| What you need to do |
How do the lines below between the ones holding "PADANGLAWAS |Dukung program" and "Bild oben: Der", inclusive, read? Give them again exactly, with no other lines.

| Entries provided |
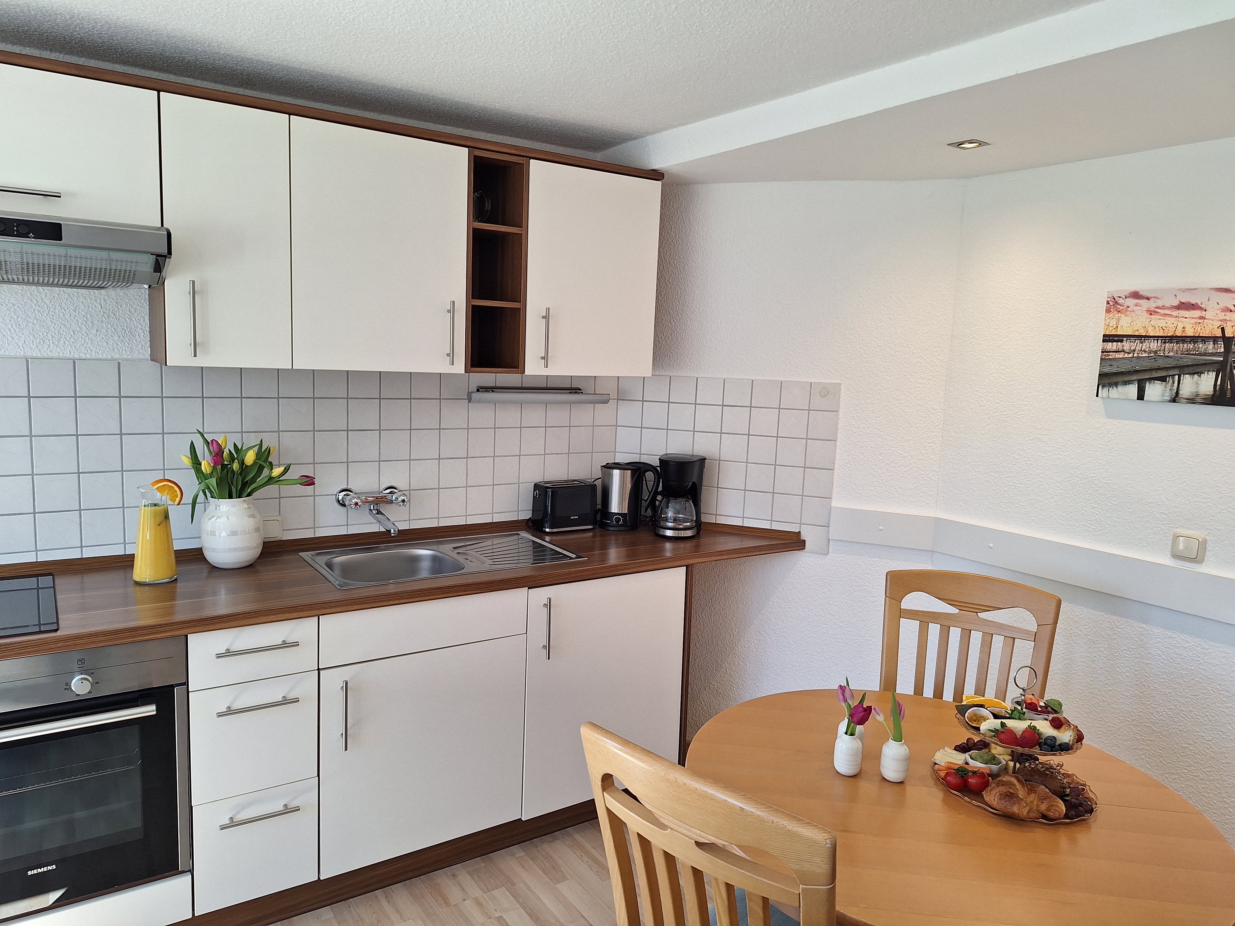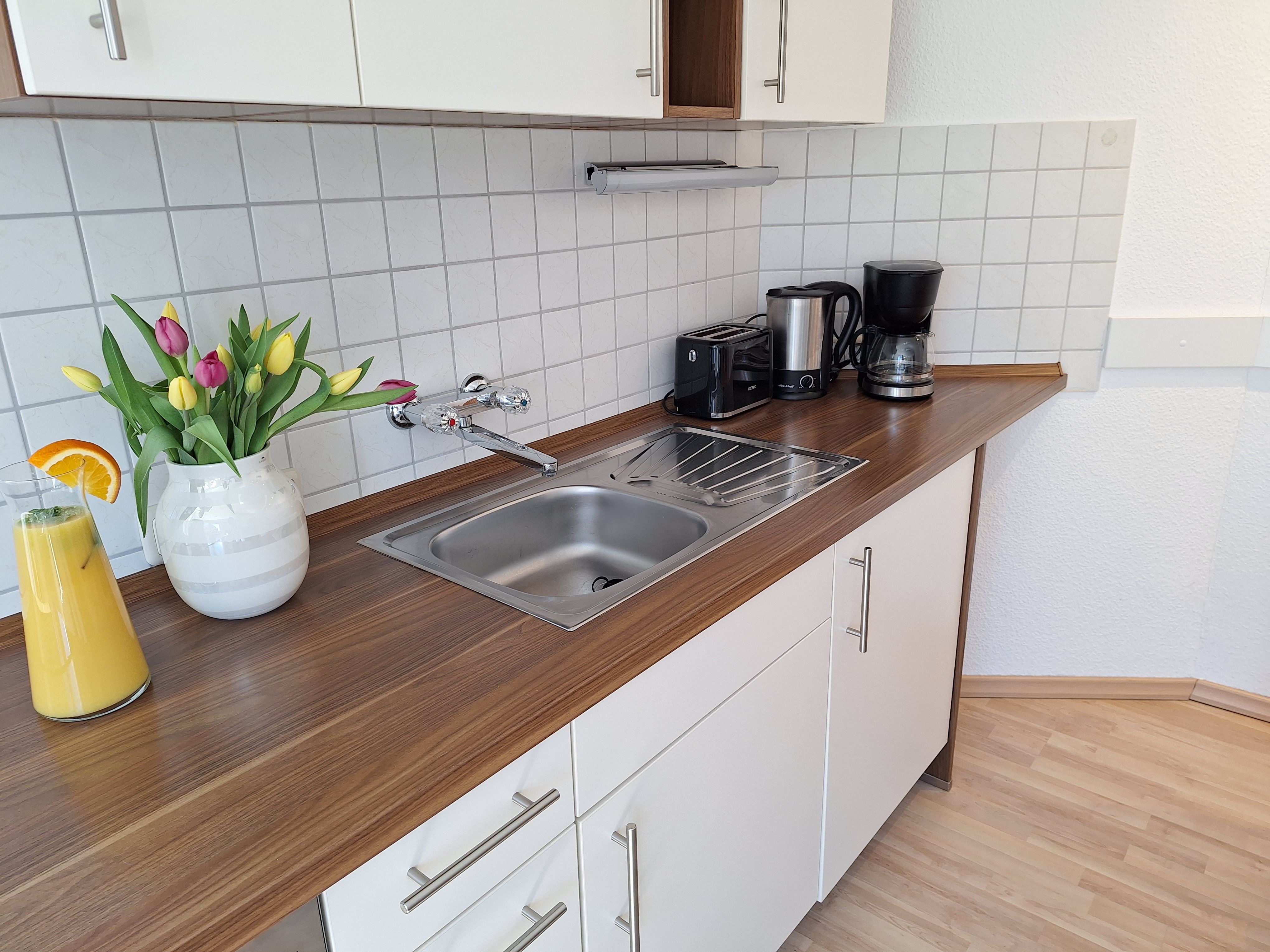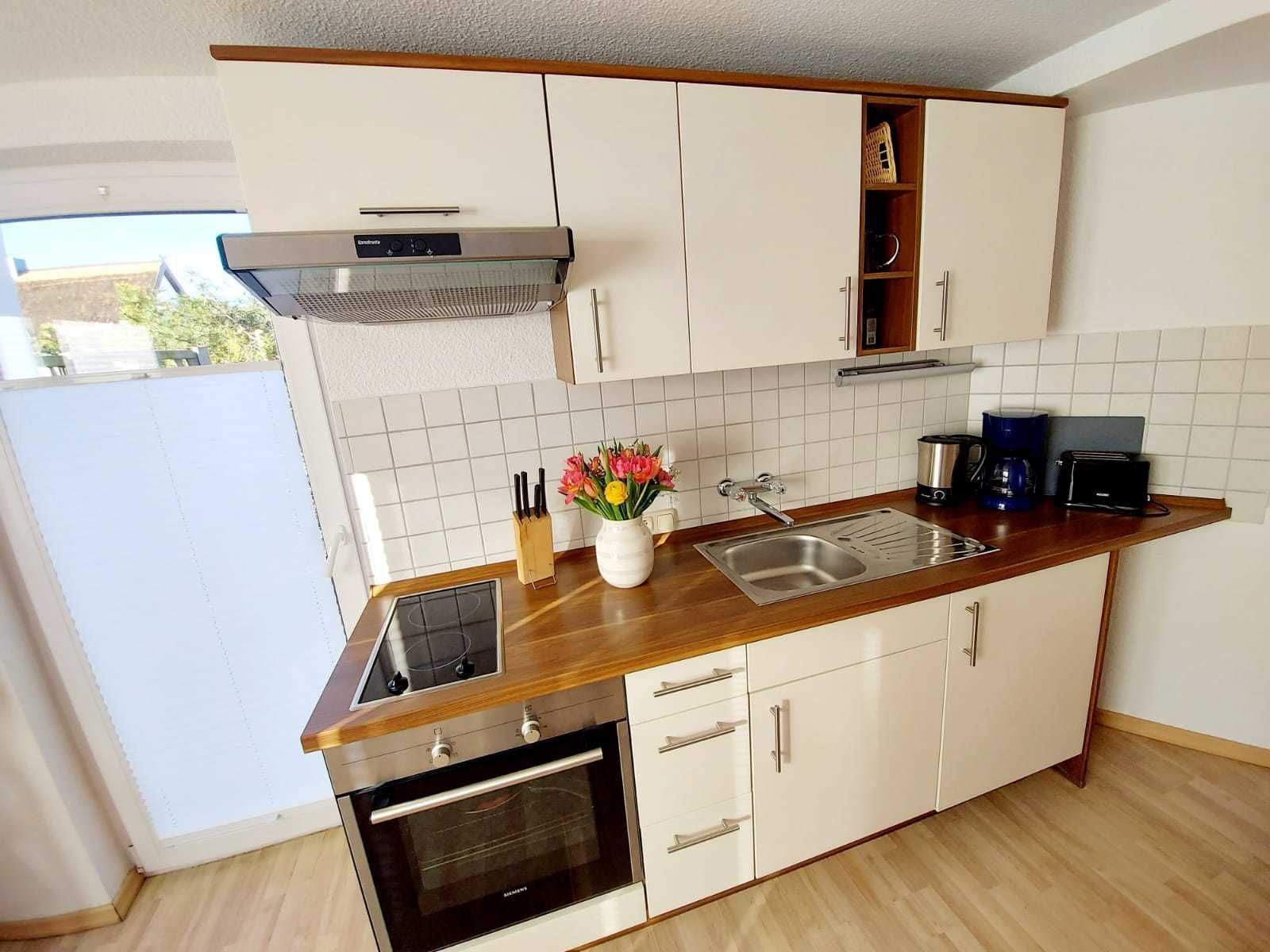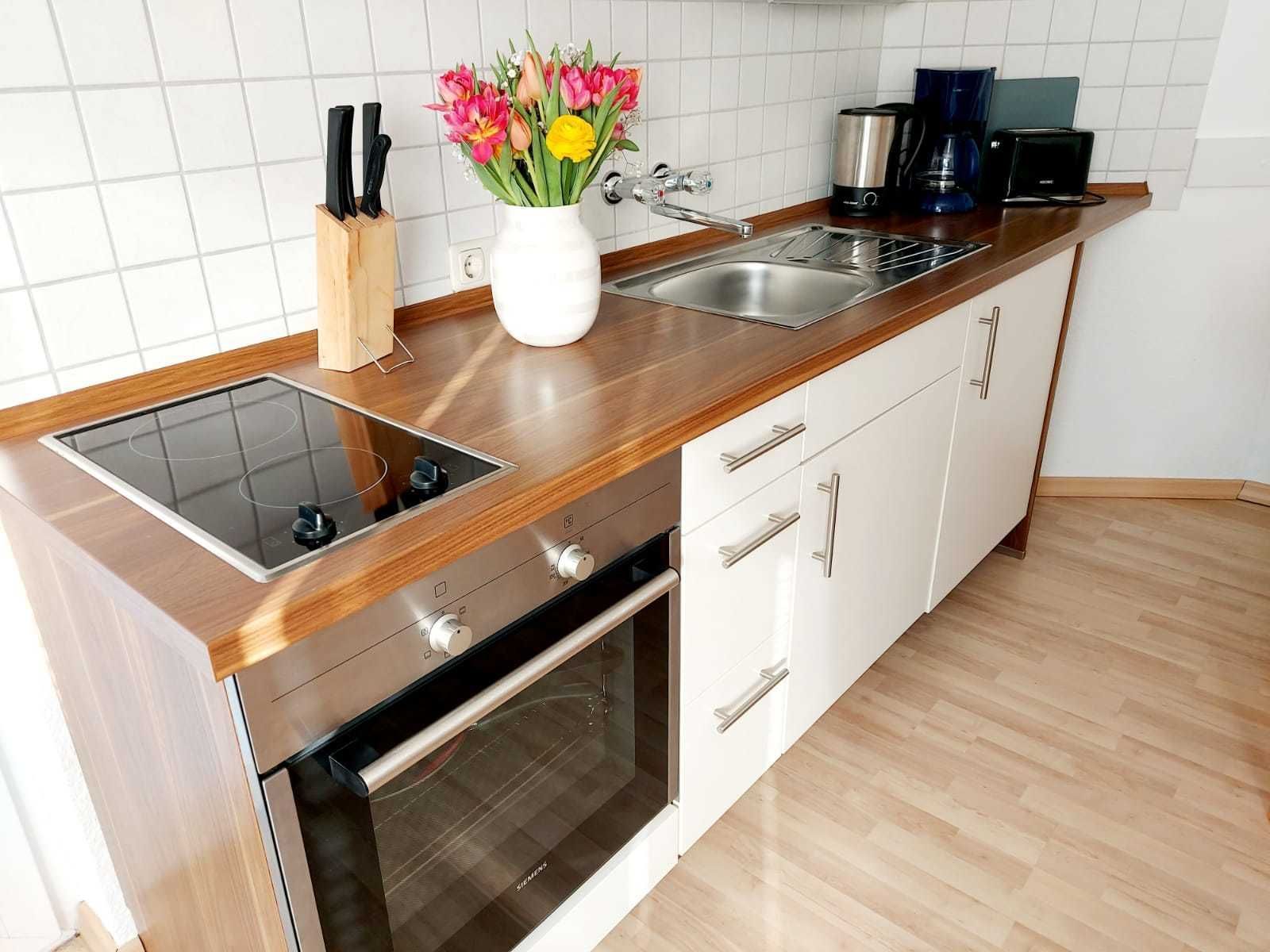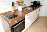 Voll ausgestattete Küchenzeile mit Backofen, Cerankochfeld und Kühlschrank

* * *

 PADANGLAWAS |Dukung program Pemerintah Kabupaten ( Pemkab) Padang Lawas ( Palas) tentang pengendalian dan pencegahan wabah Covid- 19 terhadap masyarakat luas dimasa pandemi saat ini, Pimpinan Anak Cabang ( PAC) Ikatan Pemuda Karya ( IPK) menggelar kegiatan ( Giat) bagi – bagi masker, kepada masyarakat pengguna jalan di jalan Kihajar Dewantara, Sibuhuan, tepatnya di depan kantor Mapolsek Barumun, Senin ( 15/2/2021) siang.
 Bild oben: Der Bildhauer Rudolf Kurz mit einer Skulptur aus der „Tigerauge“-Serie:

==

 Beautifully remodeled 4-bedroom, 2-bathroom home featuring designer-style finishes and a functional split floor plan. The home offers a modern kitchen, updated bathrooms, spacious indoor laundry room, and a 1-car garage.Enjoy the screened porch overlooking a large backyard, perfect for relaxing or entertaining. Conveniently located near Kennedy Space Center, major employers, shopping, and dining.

| Response area |
 PADANGLAWAS |Dukung program Pemerintah Kabupaten ( Pemkab) Padang Lawas ( Palas) tentang pengendalian dan pencegahan wabah Covid- 19 terhadap masyarakat luas dimasa pandemi saat ini, Pimpinan Anak Cabang ( PAC) Ikatan Pemuda Karya ( IPK) menggelar kegiatan ( Giat) bagi – bagi masker, kepada masyarakat pengguna jalan di jalan Kihajar Dewantara, Sibuhuan, tepatnya di depan kantor Mapolsek Barumun, Senin ( 15/2/2021) siang.
 Bild oben: Der Bildhauer Rudolf Kurz mit einer Skulptur aus der „Tigerauge“-Serie:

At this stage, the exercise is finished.